Witajcie kochani 🙂
Jestem nowa na tym forum i od razu chciałabym prosić was o jakiś fajny pomysł na sól 🙂
Postanowiłam ją całkowicie wyłączyć z jadłospisu, ale smaku bedzie mi na początku ciut brakowało i zastanawiam się czym ją zastąpić? Czosnkiem? Używałam dosyć dużo soli (morskiej) i po prostu mam jej już dosyć - byłam nienaturalnie napuchnięta na twarzy, i w sumie można śmiało powiedzieć, że uzależniona od soli 😐
Podsuńcie mi jakiś fajny pomysł 🙂
Dzięki wszystkim 🙂
nie pozbywaj sie zupelnie soli - czasami pozwala wydobyc smak potrawy lub skladnika. uzywaj jej po prostu bardzo malo i najlepiej kamienna a nie morska (nie taka biala ze sklepu, tylko szara, gruboziarnista sol). szczypta do potrawy jest ok 🙂
"Jastrambij. Que babatum intus cruce, ornatum in campo celestino,et in galea accipitrem defert." - Jan Długosz, kronikarz i sekretarz biskupa krakowskiego Zbigniewa Oleśnickiego
przez ponad 3 mieisące nie uzywałam wogóle soli,chyba ,że jadłam czasami coś ugotowanego przez inną osobę,używąłam duzej ilości innych ziól i wogóle mi nie brakowało soli...a jak ktoś dał odrobinke soli do potrawy(wszyscy mówili ze jest niedosolona) to mi się wydawało, że jest przesolona i od razu ją wyczuwałam.Myślę ze po kilku dniach przestaniesz odczuwać ,że brak Ci soli.

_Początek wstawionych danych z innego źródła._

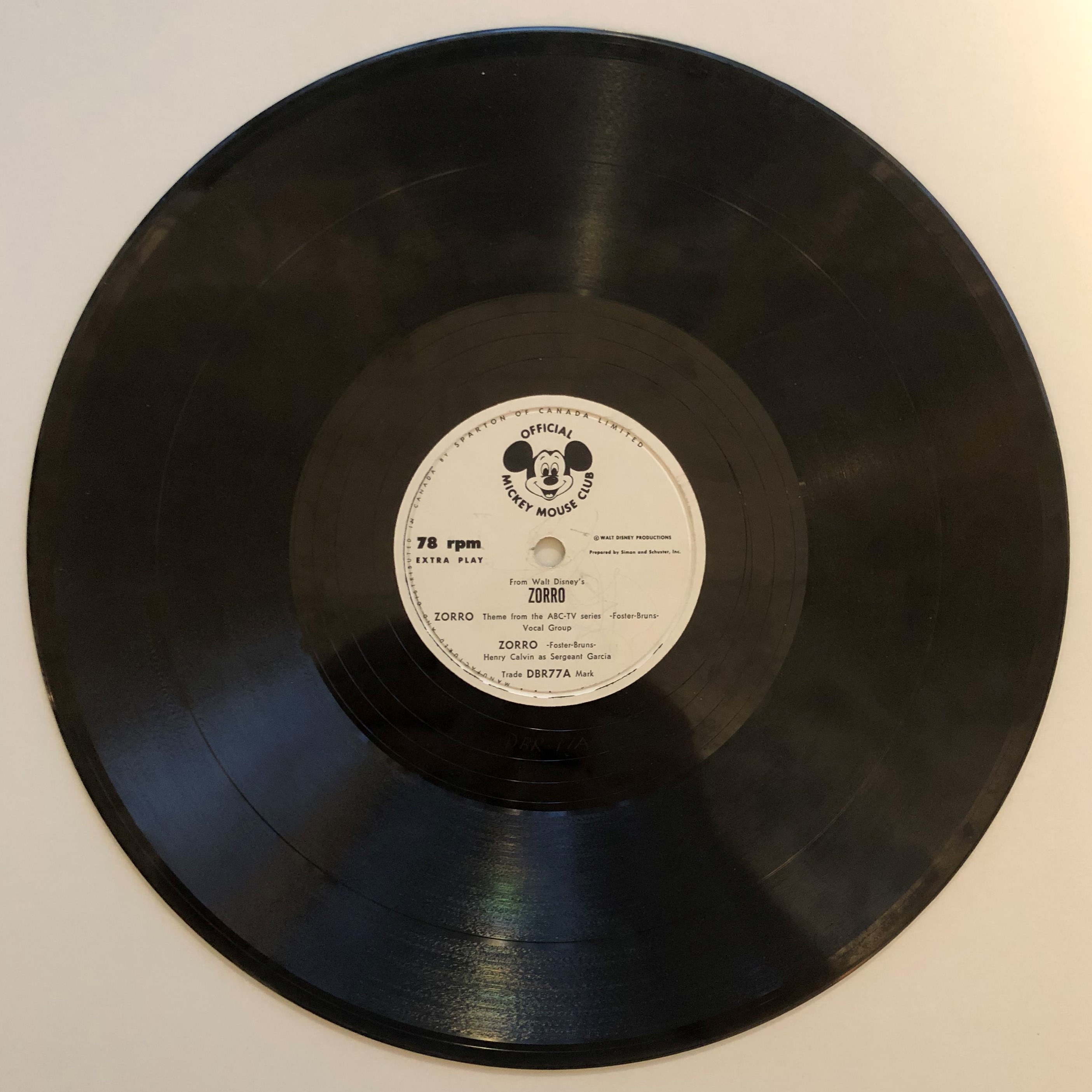 This record is not labeled as a Disneyland Records product, that company being started in 1956. Zorro came out in 1957 with versions of this record appearing on the Disneyland Records label in 1958.

Teraz solę potrawy ale z umiarem,pozdrawiam:)
Dzięki 🙂
Co do chleba to nie jem pieczywa w ogóle 🙂
A sól... Dziś miałam kryzys 🙁 Ale jak spróbowałam soli to mi przezło 😀 Bo ona mi tak na prawdę nie smakuje... Myślę, że tak jak mówicie, przejdzie mi niebawem to łaknienie :))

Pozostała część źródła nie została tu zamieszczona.